*** Opening of Record excerpts ***

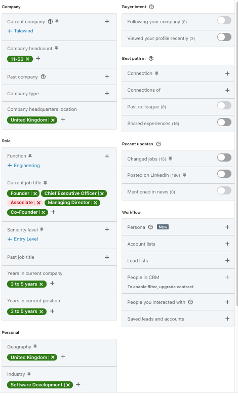 For the sake of Navigator, I can use: “Software Development” AND “Staffing and Recruiting”; I can also consider “IT Services and Consulting”, etc.
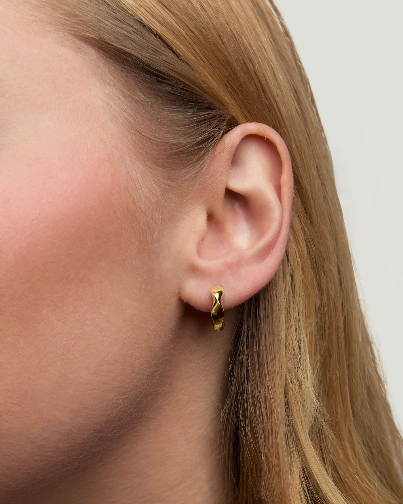 925 Gümüş Altın Kaplama Dalgalı Hoop Küpe
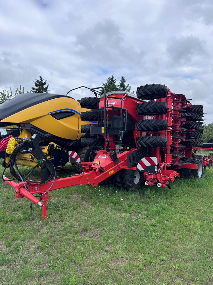 angeordnete Doppelscheibenschare mit beschichteten Abstreifern u. Saatstriegel
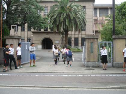 今日は多くの先生が校門に立ってくれました。
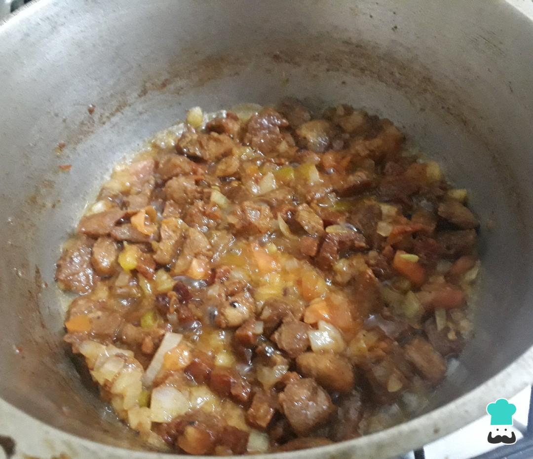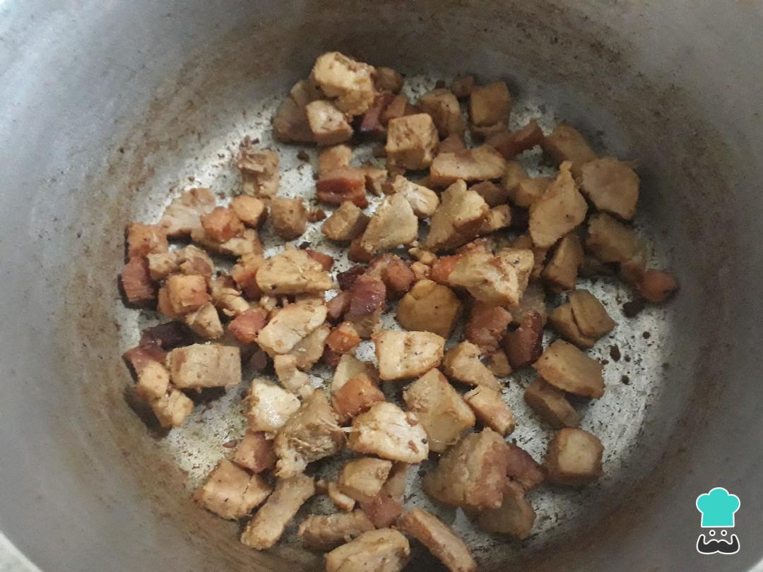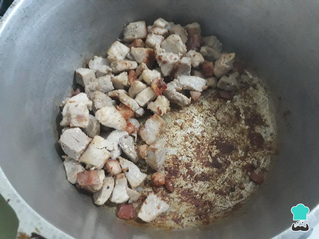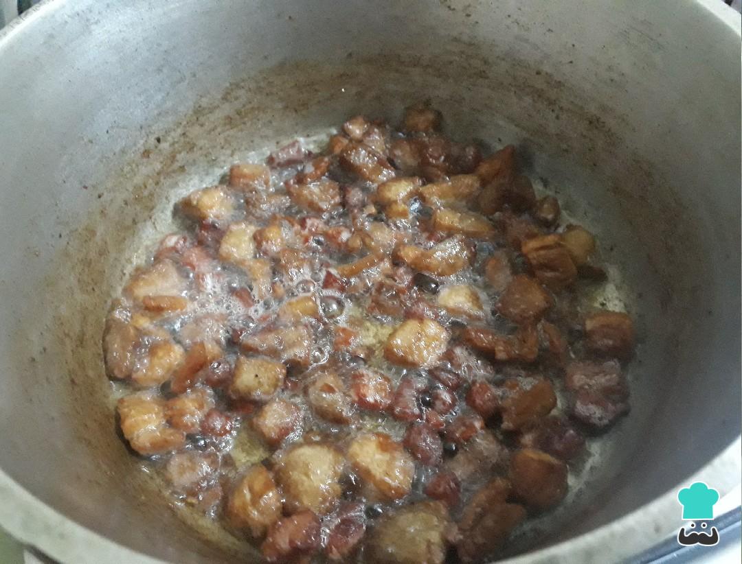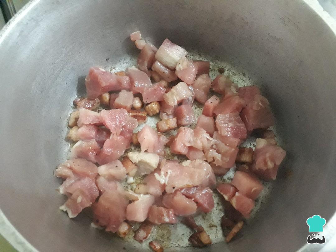 Em uma panela frite o bacon até ficar bem dourado. Depois retire o óleo que soltar por completo e adicione a carne suína.
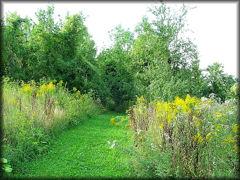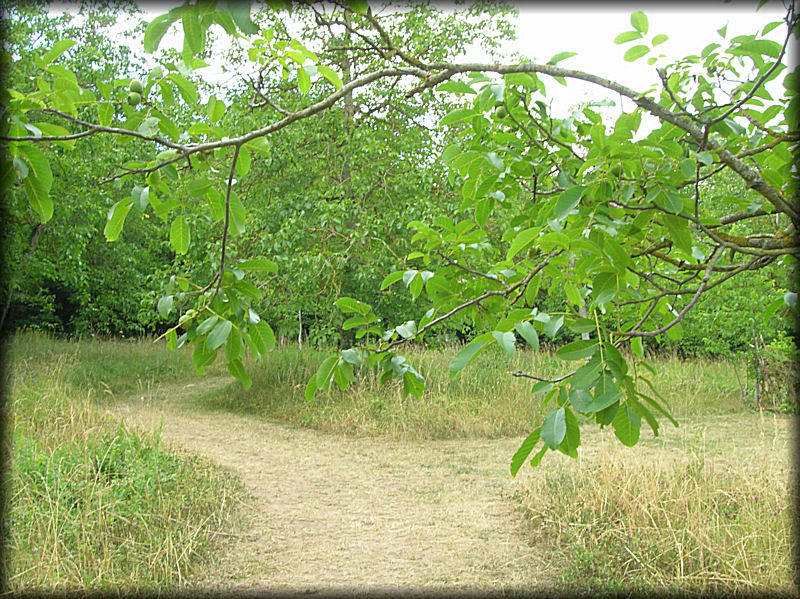logo gps petitLe chemin dévale ensuite le coteau vers la gauche, sur une pente herbeuse à travers d'anciens vergers de pommiers et de pruniers et longe une haie d'aubépines, de prunelliers, d'églantiers, de cornouillers et autres arbustes sauvages. Il se déroule ensuite en empruntant une pelouse en friche parsemée au fil des saisons d'un cortège ininterrompu de fleurs des champs: Pois de senteurs, marjolaine, verges d'or, tanaisie, millepertuis et autres fleurs sauvages... pour passer enfin au pied d'un grand cerisier "hors d'âge" à la silhouette imposante.
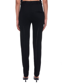 Ann Demeulemeester amedeo trousers in black, adjustable waist with bar-and-hook closure, belt loops, zip-up fly, front waist slash hand pockets, vented/tapered through leg, rear pouch pocket, straight/finished hem, tonal stitching. Made in Portugal. French sizing. Composition - 90% Rayon, 8% Virgin Wool, 2% Elastane Model Measurements: Model is 5ft 6" and wearing a size 38. Bust: 27" Waist: 23" Hip: 32"
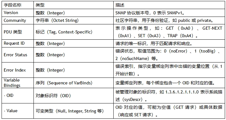 SNMP 报文基于ASN.1(Abstract Syntax Notation One)编码规则,通常使用BER(Basic Encoding Rules)进行传输。以下是SNMP报文的基本格式和关键字段,本例程中使用的是SNMPv1版本,以下对SNMPv1进行讲解, 而对于其他版本的报文格式,由于篇幅有限,这里将不再进行讲解,感兴趣的朋友可自行查阅资料进行学习。
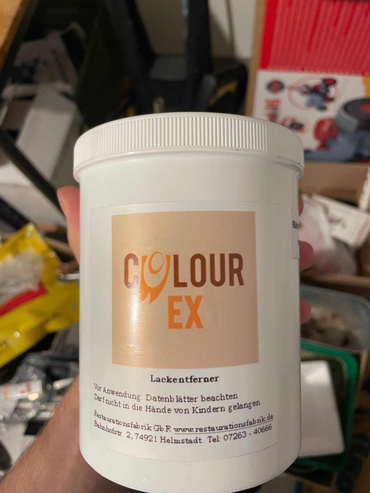 ich war vorhin auf einem Teilemarkt und habe einen Bananentank gekauft. Der Tank hat noch den Ori Lack (Billard Grün) inklusive Abziehbilder, würde jedoch 2 mal überlackiert. Die äußere Silberne Schicht lässt sich abkratzen, jedoch die mittlere Blaue schickt nicht. Hab ihr Tipps wie ich das abbekomme? Ich habe noch Lackentferner (siehe Bilder) zu Hause funktioniert das oder mach ich den Tank so nur Kaputt?
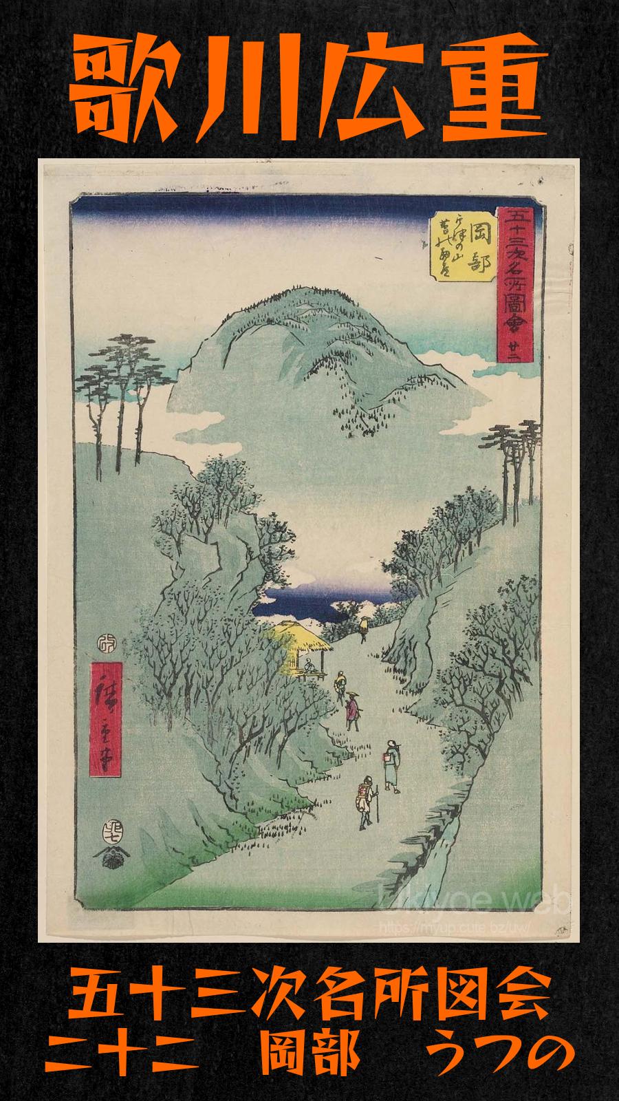 | Title | No. 22 Okabe: The Narrow Ivy-Covered Road at Mt. Utsu (Okabe Utsu no yama tsuta no hosomichi) from the series Famous Sights of the Fifty-three Stations (Gojusan tsugi meisho zue) also known as the Vertical Tokaido |
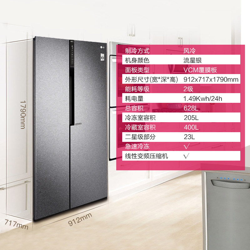 LG double door to door household intelligent refrigerator variable frequency wind refrigeration freezer GR-B2474JDR
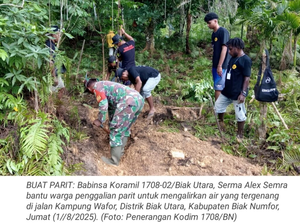 TOP-NEWS.id, BIAK UTARA – Sebagai bentuk nyata kepedulian TNI terhadap masyarakat, Babinsa Koramil 1708-02/Biak Utara, Serma Alex Semra bersama Serda Alfret Foom membantu warga buat parit di Kampung Wafor, Distrik Biak Utara, Kabupaten Biak Numfor, Papua, Jumat (1/8/2025).
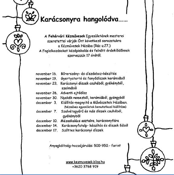 A Fehérvári Kézművesek Egyesülete a sikeres októberi programsorozata után újabb bekapcsolódási lehetőséget kínál a kézművesség világába. Az alkotás iránt érdeklődő felnőtteknek, középiskolás diákoknak keddenként és péntekenként 17 órától a Kézművesek Házában Székesfehérváron a Rác u. 27. szám alatt. Bőrerszényt, díszdobozt, karácsonyi díszeket, adventi ajtódíszt, karácsonyfatalpat, mézeskalácsot, nemezből készült termékeket és szőttes karácsonyi díszek készítését tanulhatják meg az érdeklődők.

*** Close of Record excerpts ***

Instructions to follow:
The response should consist of the entries above, given again exactly and free of pictures.

Response area:
 For the sake of Navigator, I can use: “Software Development” AND “Staffing and Recruiting”; I can also consider “IT Services and Consulting”, etc.
 925 Gümüş Altın Kaplama Dalgalı Hoop Küpe
 angeordnete Doppelscheibenschare mit beschichteten Abstreifern u. Saatstriegel
 今日は多くの先生が校門に立ってくれました。
 Em uma panela frite o bacon até ficar bem dourado. Depois retire o óleo que soltar por completo e adicione a carne suína.
logo gps petitLe chemin dévale ensuite le coteau vers la gauche, sur une pente herbeuse à travers d'anciens vergers de pommiers et de pruniers et longe une haie d'aubépines, de prunelliers, d'églantiers, de cornouillers et autres arbustes sauvages. Il se déroule ensuite en empruntant une pelouse en friche parsemée au fil des saisons d'un cortège ininterrompu de fleurs des champs: Pois de senteurs, marjolaine, verges d'or, tanaisie, millepertuis et autres fleurs sauvages... pour passer enfin au pied d'un grand cerisier "hors d'âge" à la silhouette imposante.
 Ann Demeulemeester amedeo trousers in black, adjustable waist with bar-and-hook closure, belt loops, zip-up fly, front waist slash hand pockets, vented/tapered through leg, rear pouch pocket, straight/finished hem, tonal stitching. Made in Portugal. French sizing. Composition - 90% Rayon, 8% Virgin Wool, 2% Elastane Model Measurements: Model is 5ft 6" and wearing a size 38. Bust: 27" Waist: 23" Hip: 32"
 SNMP 报文基于ASN.1(Abstract Syntax Notation One)编码规则,通常使用BER(Basic Encoding Rules)进行传输。以下是SNMP报文的基本格式和关键字段,本例程中使用的是SNMPv1版本,以下对SNMPv1进行讲解, 而对于其他版本的报文格式,由于篇幅有限,这里将不再进行讲解,感兴趣的朋友可自行查阅资料进行学习。
 ich war vorhin auf einem Teilemarkt und habe einen Bananentank gekauft. Der Tank hat noch den Ori Lack (Billard Grün) inklusive Abziehbilder, würde jedoch 2 mal überlackiert. Die äußere Silberne Schicht lässt sich abkratzen, jedoch die mittlere Blaue schickt nicht. Hab ihr Tipps wie ich das abbekomme? Ich habe noch Lackentferner (siehe Bilder) zu Hause funktioniert das oder mach ich den Tank so nur Kaputt?
 | Title | No. 22 Okabe: The Narrow Ivy-Covered Road at Mt. Utsu (Okabe Utsu no yama tsuta no hosomichi) from the series Famous Sights of the Fifty-three Stations (Gojusan tsugi meisho zue) also known as the Vertical Tokaido |
 LG double door to door household intelligent refrigerator variable frequency wind refrigeration freezer GR-B2474JDR
 TOP-NEWS.id, BIAK UTARA – Sebagai bentuk nyata kepedulian TNI terhadap masyarakat, Babinsa Koramil 1708-02/Biak Utara, Serma Alex Semra bersama Serda Alfret Foom membantu warga buat parit di Kampung Wafor, Distrik Biak Utara, Kabupaten Biak Numfor, Papua, Jumat (1/8/2025).
 A Fehérvári Kézművesek Egyesülete a sikeres októberi programsorozata után újabb bekapcsolódási lehetőséget kínál a kézművesség világába. Az alkotás iránt érdeklődő felnőtteknek, középiskolás diákoknak keddenként és péntekenként 17 órától a Kézművesek Házában Székesfehérváron a Rác u. 27. szám alatt. Bőrerszényt, díszdobozt, karácsonyi díszeket, adventi ajtódíszt, karácsonyfatalpat, mézeskalácsot, nemezből készült termékeket és szőttes karácsonyi díszek készítését tanulhatják meg az érdeklődők.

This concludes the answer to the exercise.